Output the listing below exactly, minus its images.

Dataset section =>
=== Section Start ===

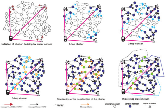 Our clustering algorithm builds cluster trees with k-hops (the distance between a node and its cluster leader is at most k-hops). The Cluster formation begins with a neighborhood discovery phase followed by the cluster construction phase initiated by the various cluster construction sensors. The different phases of our algorithm are summarized in the Figure 6 and described in the Algorithm 1. The proposed clustering is dynamic, so sensors can integrate or exit a cluster at any time. The procedure for a sensor to join a new cluster is described as follows:
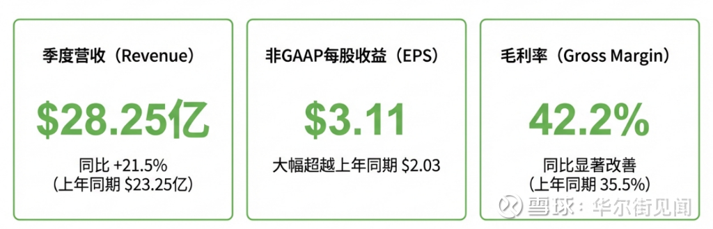 财报称,公司预计Q3营收约为29亿美元(上下浮动1亿美元),非GAAP每股收益约为3.40美元(上下浮动0.20美元)。
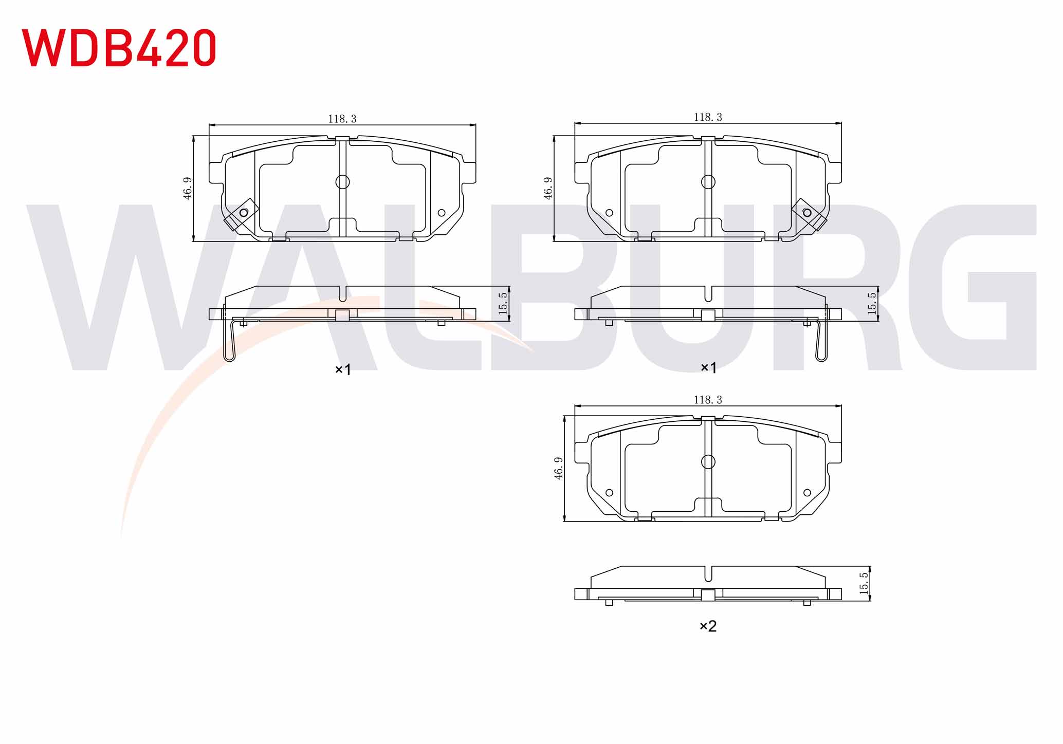 WALBURG WDB420 | Fren Balata Arka Ikazlı Kia Sorento I (Jc) 2.4İ 2002-2009 / Kia Sorento I (Jc) 2.5 CRDI 2002-2009

=== Section End ===

Written answer =>
 Our clustering algorithm builds cluster trees with k-hops (the distance between a node and its cluster leader is at most k-hops). The Cluster formation begins with a neighborhood discovery phase followed by the cluster construction phase initiated by the various cluster construction sensors. The different phases of our algorithm are summarized in the Figure 6 and described in the Algorithm 1. The proposed clustering is dynamic, so sensors can integrate or exit a cluster at any time. The procedure for a sensor to join a new cluster is described as follows:
 财报称,公司预计Q3营收约为29亿美元(上下浮动1亿美元),非GAAP每股收益约为3.40美元(上下浮动0.20美元)。
 WALBURG WDB420 | Fren Balata Arka Ikazlı Kia Sorento I (Jc) 2.4İ 2002-2009 / Kia Sorento I (Jc) 2.5 CRDI 2002-2009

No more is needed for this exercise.